— MATERIAL SUPPLIED —
----------

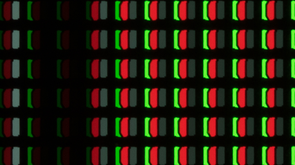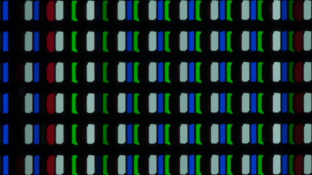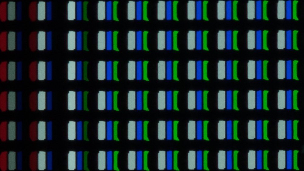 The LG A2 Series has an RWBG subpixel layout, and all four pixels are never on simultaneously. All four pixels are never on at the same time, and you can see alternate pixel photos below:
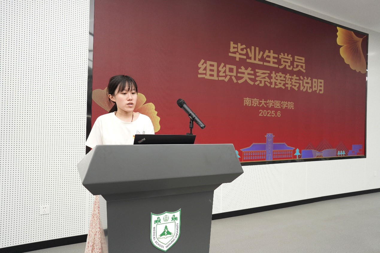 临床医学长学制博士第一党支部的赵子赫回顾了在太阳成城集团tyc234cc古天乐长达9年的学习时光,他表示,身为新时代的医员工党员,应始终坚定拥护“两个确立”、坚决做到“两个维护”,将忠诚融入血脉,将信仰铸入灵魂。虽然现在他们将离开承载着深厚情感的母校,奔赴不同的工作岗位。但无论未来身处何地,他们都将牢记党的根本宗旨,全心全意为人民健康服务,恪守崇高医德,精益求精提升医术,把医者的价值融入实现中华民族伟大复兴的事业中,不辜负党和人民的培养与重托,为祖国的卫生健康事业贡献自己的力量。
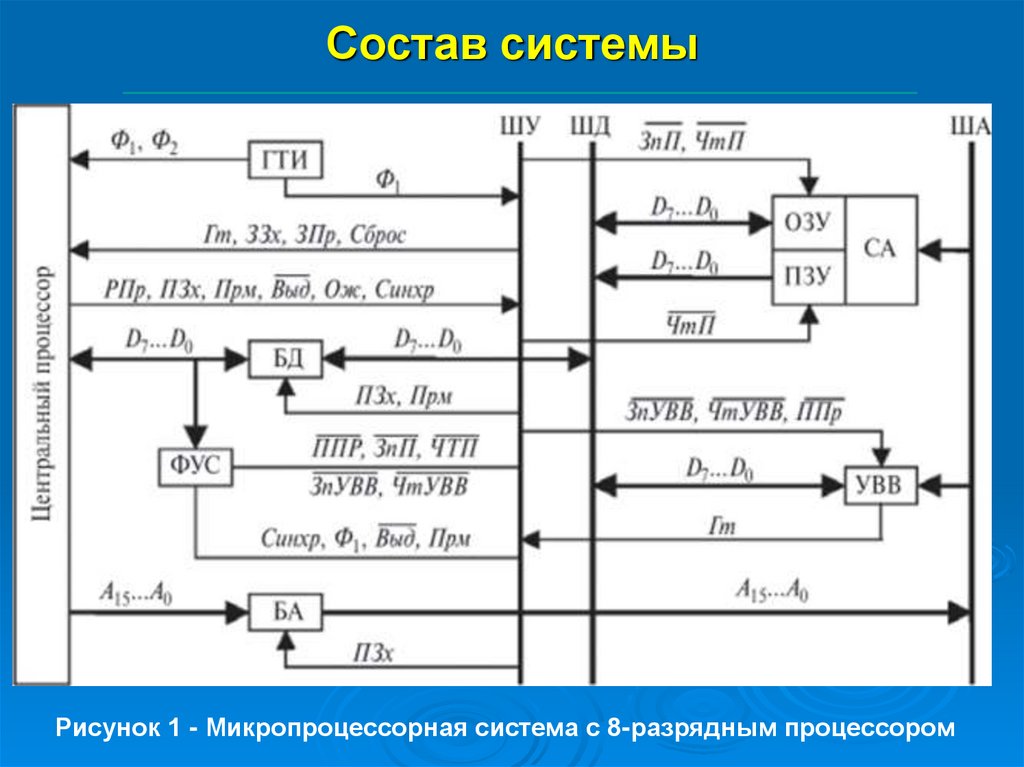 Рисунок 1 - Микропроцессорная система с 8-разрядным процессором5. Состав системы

----------

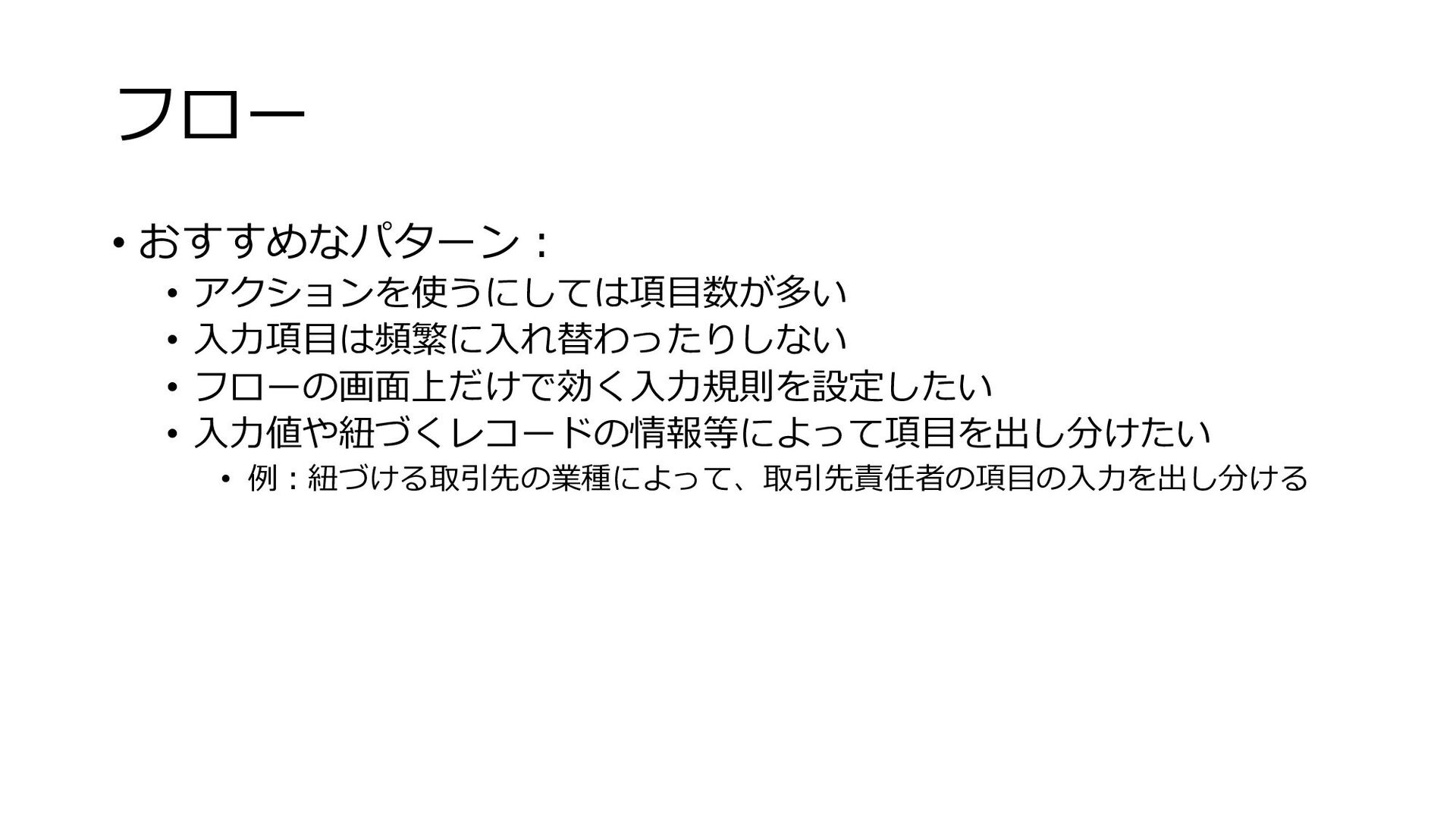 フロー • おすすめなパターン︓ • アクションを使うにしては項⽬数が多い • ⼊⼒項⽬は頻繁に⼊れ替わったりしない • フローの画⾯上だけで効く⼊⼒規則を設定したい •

----------

— ASSIGNMENT —
From the records above, output only the lines starting at the one containing "临床医学长学制博士第一党支部" and ending at the one containing "Рисунок 1 - Микропроцессорная", word for word. Pictures stay out.

— EXPECTED ANSWER —
 临床医学长学制博士第一党支部的赵子赫回顾了在太阳成城集团tyc234cc古天乐长达9年的学习时光,他表示,身为新时代的医员工党员,应始终坚定拥护“两个确立”、坚决做到“两个维护”,将忠诚融入血脉,将信仰铸入灵魂。虽然现在他们将离开承载着深厚情感的母校,奔赴不同的工作岗位。但无论未来身处何地,他们都将牢记党的根本宗旨,全心全意为人民健康服务,恪守崇高医德,精益求精提升医术,把医者的价值融入实现中华民族伟大复兴的事业中,不辜负党和人民的培养与重托,为祖国的卫生健康事业贡献自己的力量。
 Рисунок 1 - Микропроцессорная система с 8-разрядным процессором5. Состав системы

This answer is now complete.